» **Supplied records**

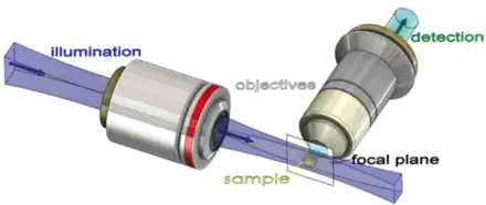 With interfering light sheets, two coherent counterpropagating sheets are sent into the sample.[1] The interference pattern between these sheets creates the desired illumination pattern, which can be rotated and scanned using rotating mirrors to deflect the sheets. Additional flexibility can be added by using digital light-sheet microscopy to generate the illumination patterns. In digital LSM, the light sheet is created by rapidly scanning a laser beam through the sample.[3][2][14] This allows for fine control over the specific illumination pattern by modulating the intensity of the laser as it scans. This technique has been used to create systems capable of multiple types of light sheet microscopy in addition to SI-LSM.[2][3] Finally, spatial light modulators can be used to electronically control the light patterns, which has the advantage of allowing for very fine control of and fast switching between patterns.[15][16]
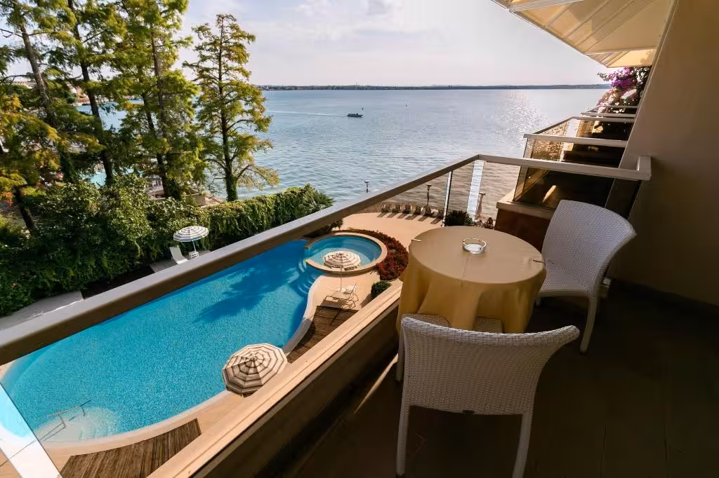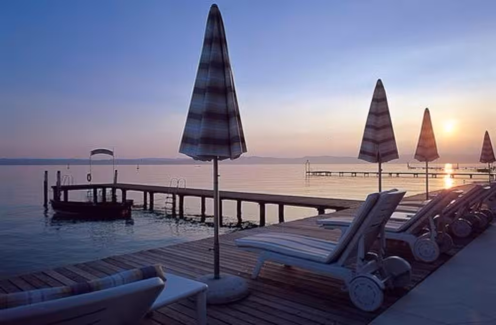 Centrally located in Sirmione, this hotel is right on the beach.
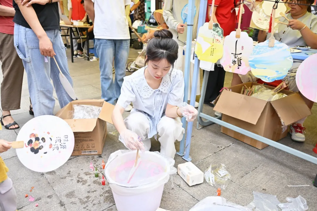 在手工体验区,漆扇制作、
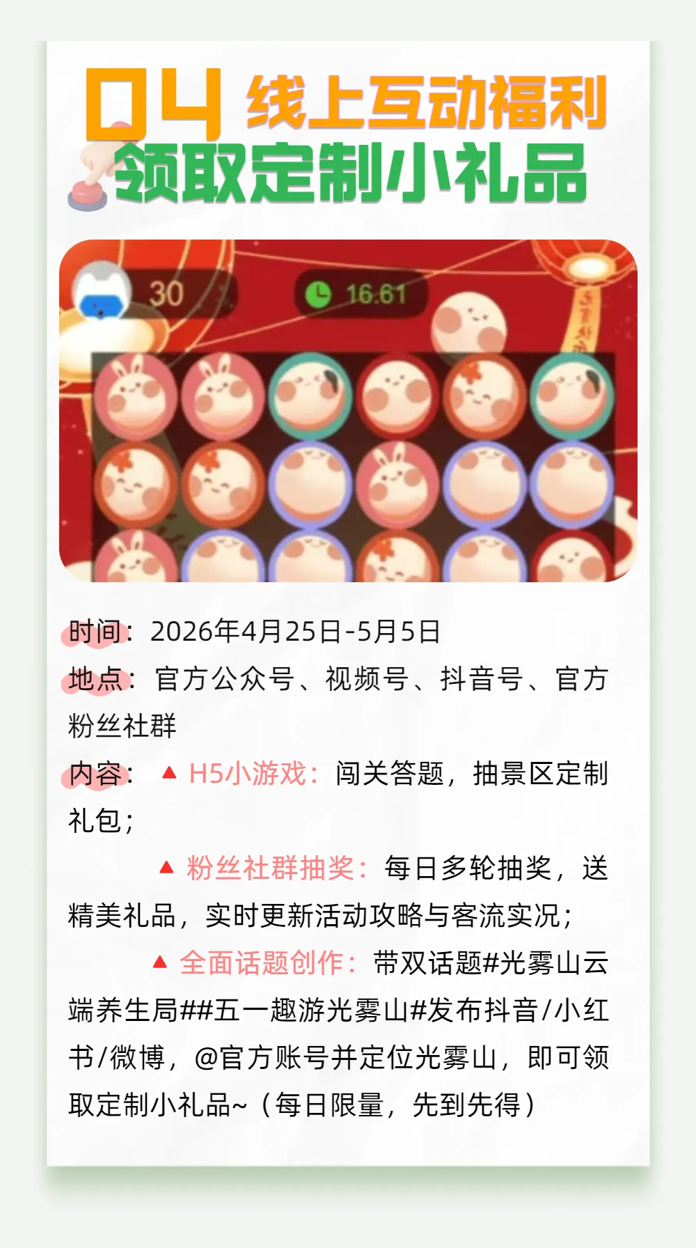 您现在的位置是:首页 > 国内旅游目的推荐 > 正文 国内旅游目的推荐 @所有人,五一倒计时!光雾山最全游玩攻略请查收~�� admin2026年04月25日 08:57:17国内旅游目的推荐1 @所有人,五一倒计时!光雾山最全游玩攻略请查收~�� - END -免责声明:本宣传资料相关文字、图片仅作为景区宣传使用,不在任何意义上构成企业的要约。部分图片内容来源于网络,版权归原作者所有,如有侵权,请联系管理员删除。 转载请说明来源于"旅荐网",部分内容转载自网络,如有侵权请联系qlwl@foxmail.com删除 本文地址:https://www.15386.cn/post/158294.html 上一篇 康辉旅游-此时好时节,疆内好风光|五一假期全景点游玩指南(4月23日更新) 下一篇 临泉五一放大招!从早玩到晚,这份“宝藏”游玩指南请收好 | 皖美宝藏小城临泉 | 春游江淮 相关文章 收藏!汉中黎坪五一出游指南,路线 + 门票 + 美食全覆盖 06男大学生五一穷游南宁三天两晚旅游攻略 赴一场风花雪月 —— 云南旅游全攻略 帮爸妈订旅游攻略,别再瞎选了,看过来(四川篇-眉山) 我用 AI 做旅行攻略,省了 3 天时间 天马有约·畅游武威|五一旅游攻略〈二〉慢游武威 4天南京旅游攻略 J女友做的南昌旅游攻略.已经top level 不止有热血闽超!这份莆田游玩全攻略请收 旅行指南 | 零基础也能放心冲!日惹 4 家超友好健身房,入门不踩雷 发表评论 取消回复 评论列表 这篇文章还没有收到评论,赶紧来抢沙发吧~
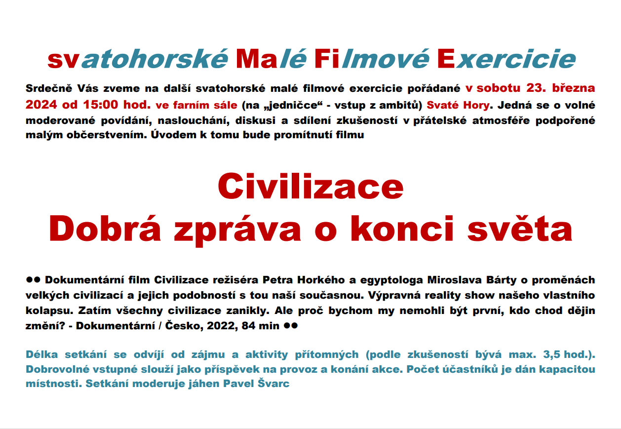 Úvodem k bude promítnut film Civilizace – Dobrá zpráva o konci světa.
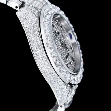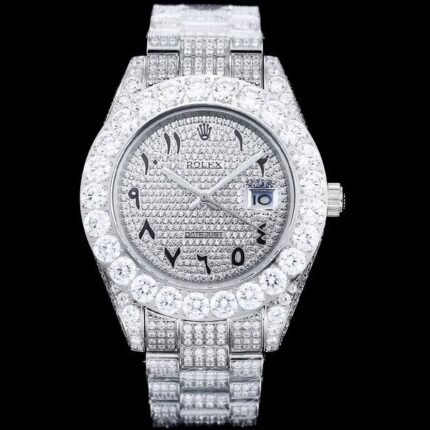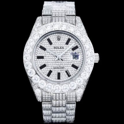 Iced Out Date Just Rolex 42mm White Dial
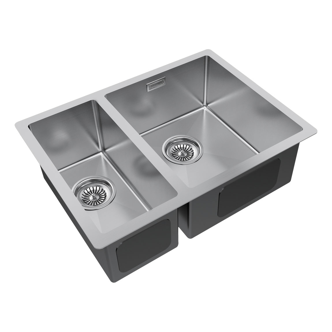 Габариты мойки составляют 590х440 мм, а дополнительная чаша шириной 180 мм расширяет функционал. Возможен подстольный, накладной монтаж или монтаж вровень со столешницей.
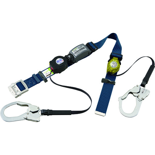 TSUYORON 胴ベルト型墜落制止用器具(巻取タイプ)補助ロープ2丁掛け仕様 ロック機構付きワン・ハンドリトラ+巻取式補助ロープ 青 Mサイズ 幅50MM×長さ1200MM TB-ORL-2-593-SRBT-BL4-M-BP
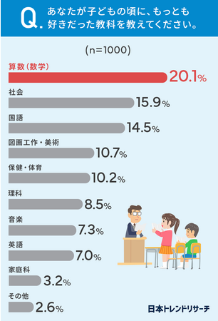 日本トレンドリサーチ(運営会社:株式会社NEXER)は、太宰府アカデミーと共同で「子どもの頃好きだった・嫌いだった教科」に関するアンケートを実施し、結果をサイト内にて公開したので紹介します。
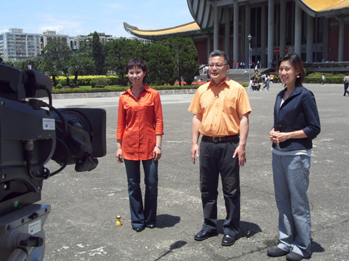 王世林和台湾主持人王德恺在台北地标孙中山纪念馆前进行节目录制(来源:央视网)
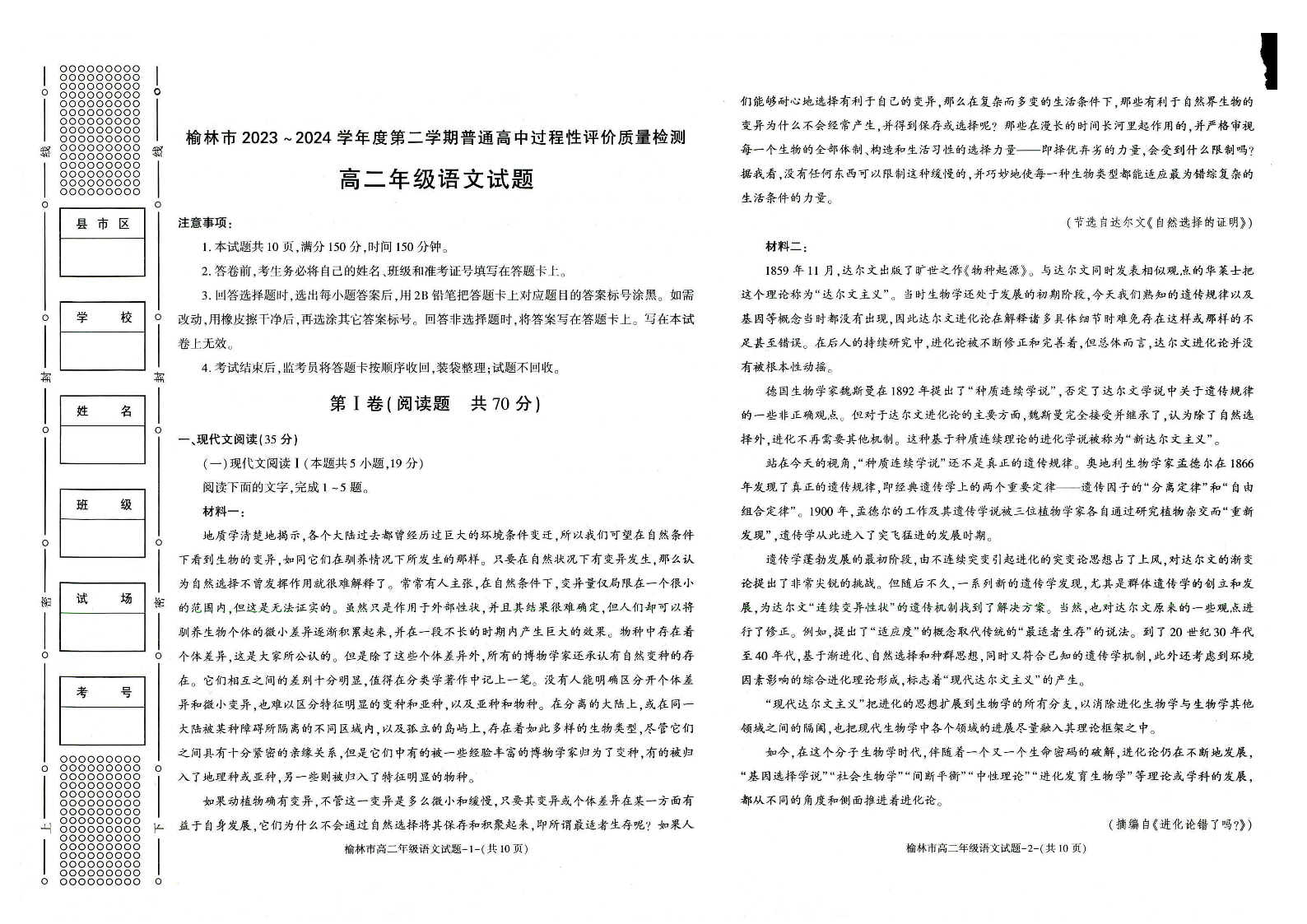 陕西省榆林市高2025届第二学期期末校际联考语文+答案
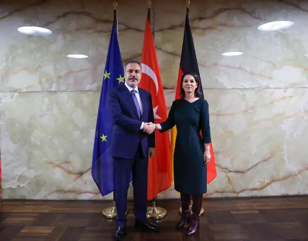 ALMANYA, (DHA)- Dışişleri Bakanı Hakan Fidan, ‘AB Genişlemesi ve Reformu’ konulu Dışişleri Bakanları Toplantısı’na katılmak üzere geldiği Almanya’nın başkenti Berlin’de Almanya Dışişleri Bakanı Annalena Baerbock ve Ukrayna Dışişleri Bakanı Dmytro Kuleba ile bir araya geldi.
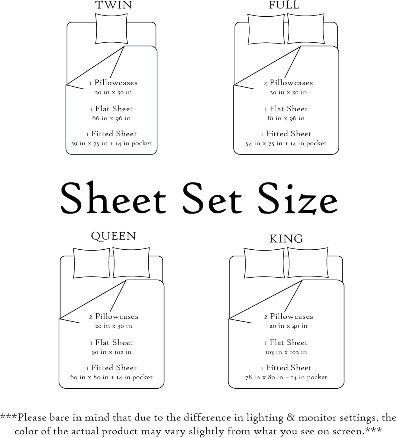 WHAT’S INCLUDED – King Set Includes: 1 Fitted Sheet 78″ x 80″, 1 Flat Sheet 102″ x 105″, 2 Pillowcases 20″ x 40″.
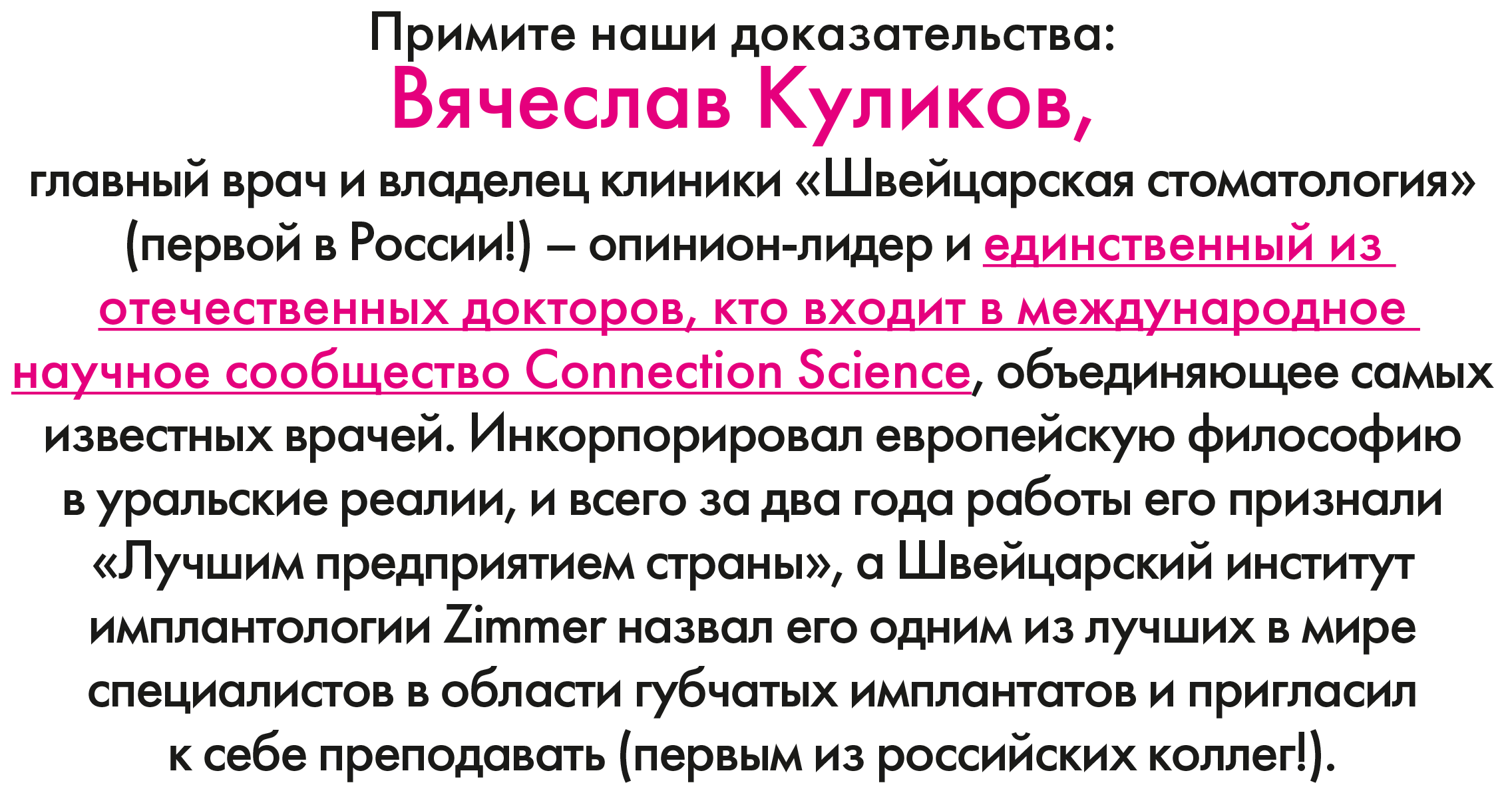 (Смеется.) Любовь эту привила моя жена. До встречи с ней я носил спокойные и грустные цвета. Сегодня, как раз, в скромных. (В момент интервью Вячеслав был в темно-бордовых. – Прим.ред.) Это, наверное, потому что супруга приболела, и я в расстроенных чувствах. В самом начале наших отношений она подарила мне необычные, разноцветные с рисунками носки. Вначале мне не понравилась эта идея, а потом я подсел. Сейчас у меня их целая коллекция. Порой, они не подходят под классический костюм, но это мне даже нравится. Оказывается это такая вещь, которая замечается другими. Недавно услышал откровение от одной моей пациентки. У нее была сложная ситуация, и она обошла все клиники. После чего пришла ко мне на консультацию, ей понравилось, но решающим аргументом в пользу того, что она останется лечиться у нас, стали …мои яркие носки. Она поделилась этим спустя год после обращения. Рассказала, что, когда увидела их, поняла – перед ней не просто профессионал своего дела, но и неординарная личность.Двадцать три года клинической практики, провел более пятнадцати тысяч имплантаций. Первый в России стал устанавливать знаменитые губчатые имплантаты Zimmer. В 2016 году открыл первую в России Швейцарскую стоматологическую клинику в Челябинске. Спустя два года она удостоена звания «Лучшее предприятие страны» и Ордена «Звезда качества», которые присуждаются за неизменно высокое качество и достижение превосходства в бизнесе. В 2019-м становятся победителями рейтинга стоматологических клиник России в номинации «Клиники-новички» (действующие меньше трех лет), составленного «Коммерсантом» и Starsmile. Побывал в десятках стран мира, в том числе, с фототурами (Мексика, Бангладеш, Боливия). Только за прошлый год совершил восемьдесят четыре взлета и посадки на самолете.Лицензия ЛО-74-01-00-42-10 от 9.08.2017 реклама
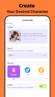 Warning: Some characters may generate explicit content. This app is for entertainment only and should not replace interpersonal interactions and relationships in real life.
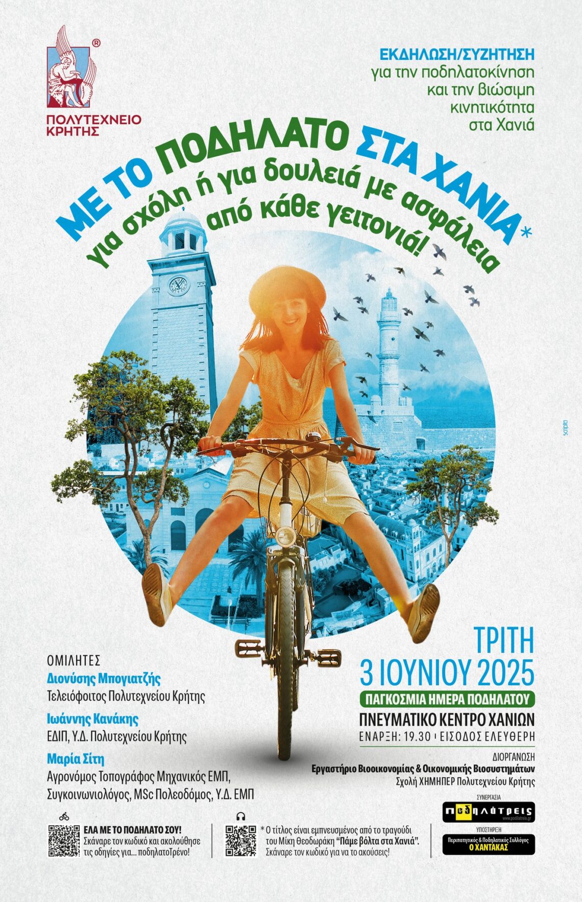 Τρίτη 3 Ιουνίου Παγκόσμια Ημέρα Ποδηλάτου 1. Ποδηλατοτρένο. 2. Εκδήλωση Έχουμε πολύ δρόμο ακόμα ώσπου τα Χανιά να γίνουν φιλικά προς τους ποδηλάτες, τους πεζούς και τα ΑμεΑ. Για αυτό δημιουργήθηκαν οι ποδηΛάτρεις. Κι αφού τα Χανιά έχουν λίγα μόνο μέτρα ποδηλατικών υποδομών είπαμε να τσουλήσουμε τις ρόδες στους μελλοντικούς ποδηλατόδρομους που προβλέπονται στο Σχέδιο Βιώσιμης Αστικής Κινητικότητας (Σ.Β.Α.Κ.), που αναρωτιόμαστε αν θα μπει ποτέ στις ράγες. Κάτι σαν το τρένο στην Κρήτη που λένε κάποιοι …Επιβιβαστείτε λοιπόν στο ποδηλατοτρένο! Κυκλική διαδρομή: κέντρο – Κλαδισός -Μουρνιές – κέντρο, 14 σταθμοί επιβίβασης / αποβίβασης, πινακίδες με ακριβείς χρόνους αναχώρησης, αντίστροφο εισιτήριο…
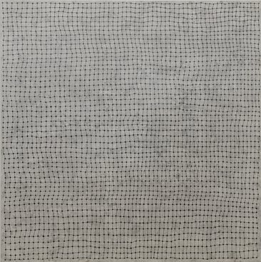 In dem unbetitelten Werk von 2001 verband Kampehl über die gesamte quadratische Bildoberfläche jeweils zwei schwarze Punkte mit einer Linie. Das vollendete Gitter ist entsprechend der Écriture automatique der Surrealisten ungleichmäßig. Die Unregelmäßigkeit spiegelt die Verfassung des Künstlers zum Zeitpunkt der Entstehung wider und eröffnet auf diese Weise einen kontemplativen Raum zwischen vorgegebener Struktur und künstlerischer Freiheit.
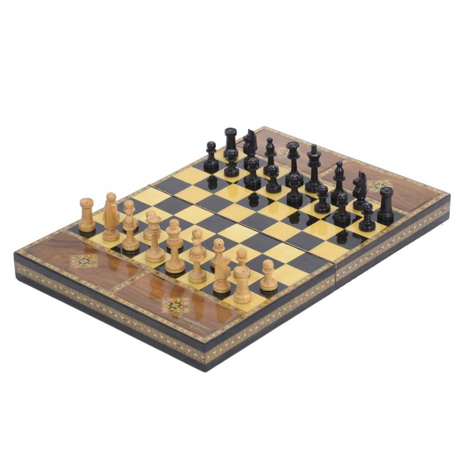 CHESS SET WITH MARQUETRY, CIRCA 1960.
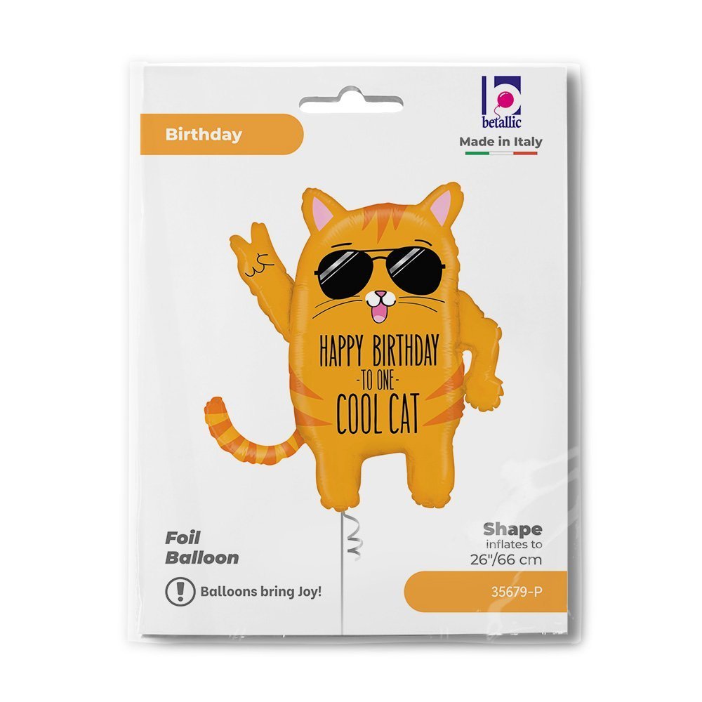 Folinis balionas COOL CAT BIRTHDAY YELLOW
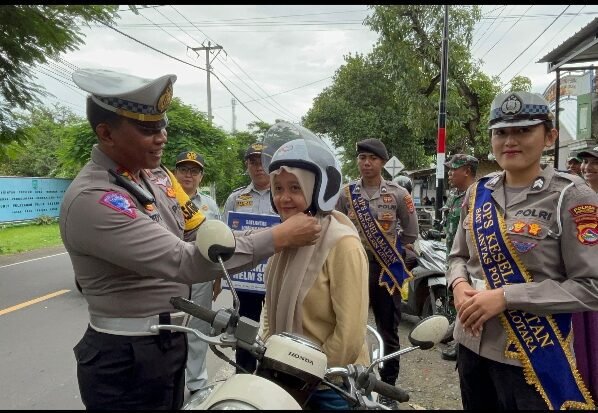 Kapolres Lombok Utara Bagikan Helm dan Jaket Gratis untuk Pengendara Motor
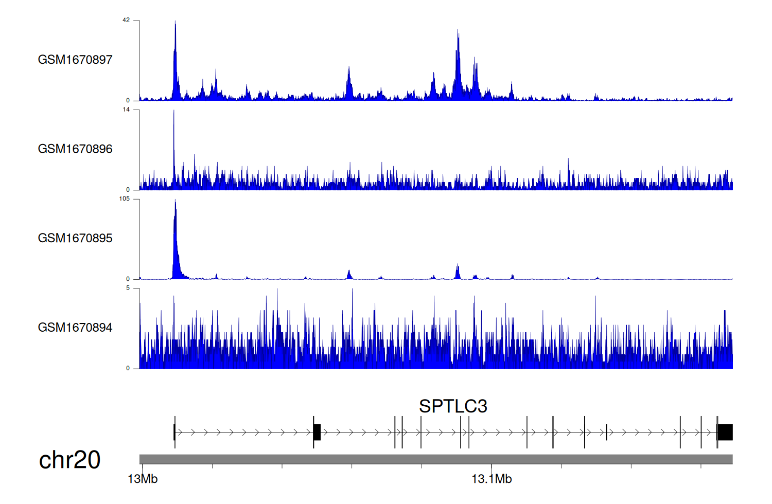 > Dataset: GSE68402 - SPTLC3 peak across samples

» **Instructions to follow**
Copy back exactly the lines above from the one containing "Úvodem k bude" through the one containing "陕西省榆林市高2025届第二学期期末校际联考语文+答案", and leave every picture behind.

» **Your solution**
 Úvodem k bude promítnut film Civilizace – Dobrá zpráva o konci světa.
 Iced Out Date Just Rolex 42mm White Dial
 Габариты мойки составляют 590х440 мм, а дополнительная чаша шириной 180 мм расширяет функционал. Возможен подстольный, накладной монтаж или монтаж вровень со столешницей.
 TSUYORON 胴ベルト型墜落制止用器具(巻取タイプ)補助ロープ2丁掛け仕様 ロック機構付きワン・ハンドリトラ+巻取式補助ロープ 青 Mサイズ 幅50MM×長さ1200MM TB-ORL-2-593-SRBT-BL4-M-BP
 日本トレンドリサーチ(運営会社:株式会社NEXER)は、太宰府アカデミーと共同で「子どもの頃好きだった・嫌いだった教科」に関するアンケートを実施し、結果をサイト内にて公開したので紹介します。
 王世林和台湾主持人王德恺在台北地标孙中山纪念馆前进行节目录制(来源:央视网)
 陕西省榆林市高2025届第二学期期末校际联考语文+答案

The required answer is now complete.